In previous studies, the terms “malnutrition” and “risk of malnutrition” were often used interchangeably, leading to higher prevalence rates of malnutrition. The variety of settings in which studies were performed may also explain the different prevalence rates and different associations between malnutrition and outcome measures.

Strengths and limitations

This study is the first to describe the association between the new ESPEN criteria for malnutrition and clinically relevant outcome measures. In addition, the clinically relevant outcome measures that were used were measured objectively, except for falls and HADS, which were obtained by questionnaires.

A limitation of this study is the small sample of malnourished outpatients. The low prevalence might be a definition problem: if the definition is too strict, the prevalence will always be low. Another problem might be that geriatric outpatients are often at risk for malnutrition instead of being diagnosed as malnourished; until now the ESPEN definition does not have a category for at-risk patients.

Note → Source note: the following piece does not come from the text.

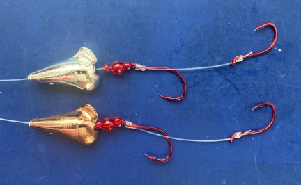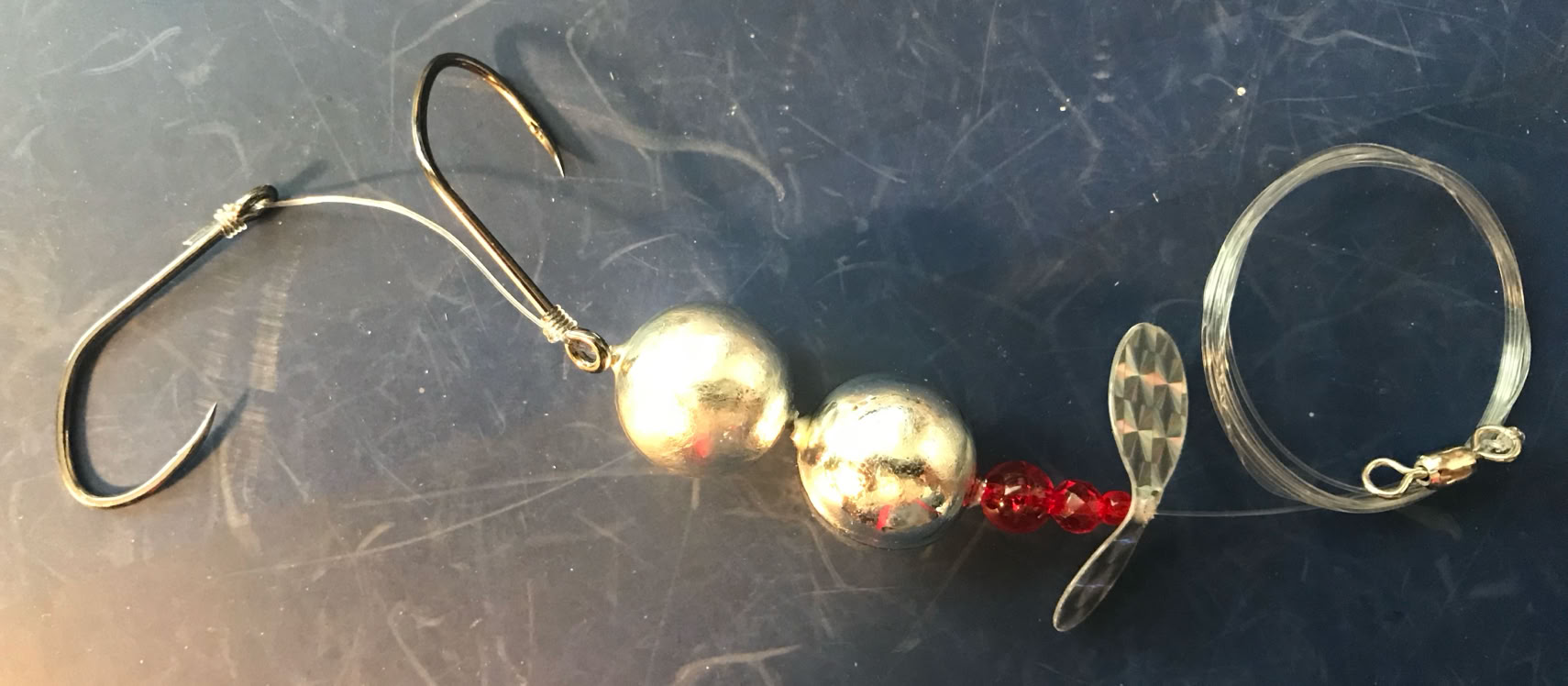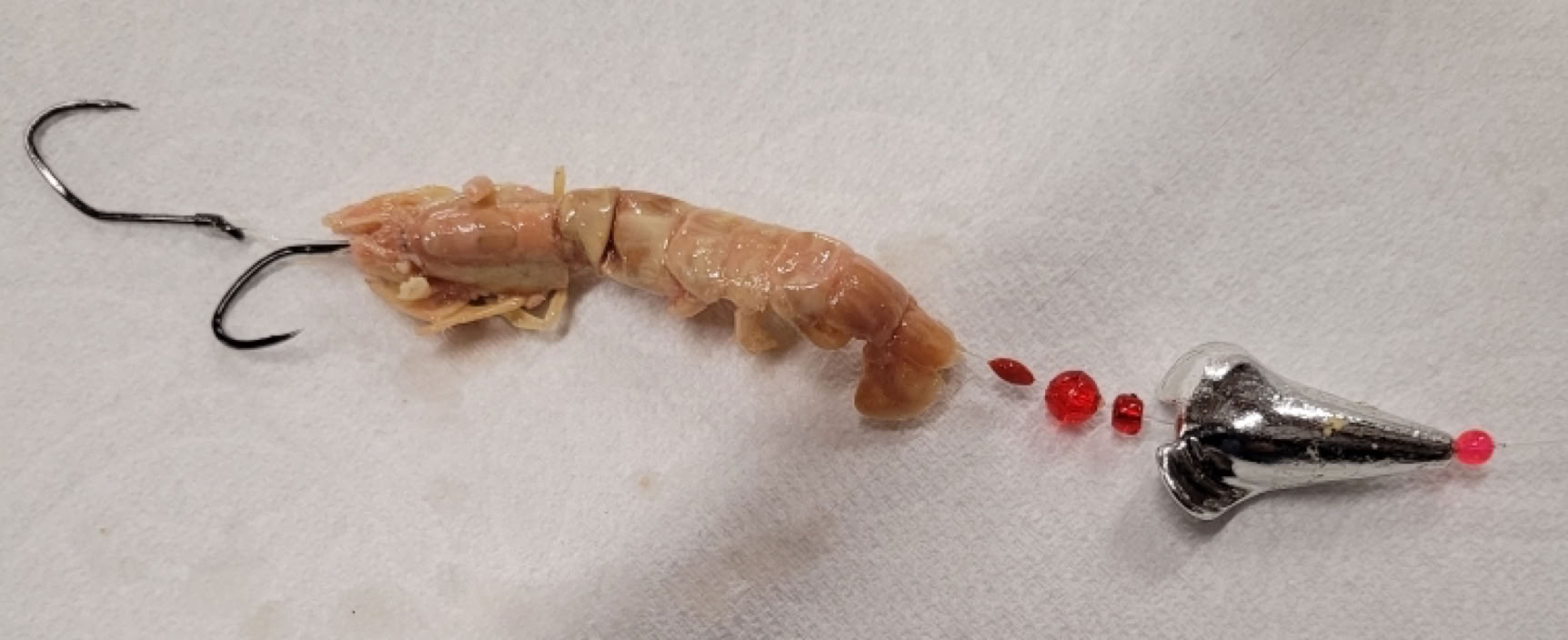 Brian S. says, “This is how I rig up a sand shrimp on the Top Prop Plunking Lure. I remove the corkies, the lure and beads. I then slide a red bobber stop about 3” above the hooks. Then I thread the sand shrimp on a needle and then on to the line. I then put the lure back together minus the corkies. I try to keep about 4 sand shrimp setups rigged up so I can swap it out when the bait needs changing.

Furthermore, the complexity of diagnosing malnutrition is a limitation; for example cognitive impairment, depression or falls may be risk factors as well as outcome factors. A final limitation is that a small inter-observer variability could have occurred, although standard operating procedures were applied.

Conclusion

This study is the first to confirm the association between being malnourished, defined by the new ESPEN definition, and clinically relevant outcome measures in a population of geriatric outpatients. Future research should focus on determining the predictive value of the ESPEN definition and thereby taking the different cut off points used into account.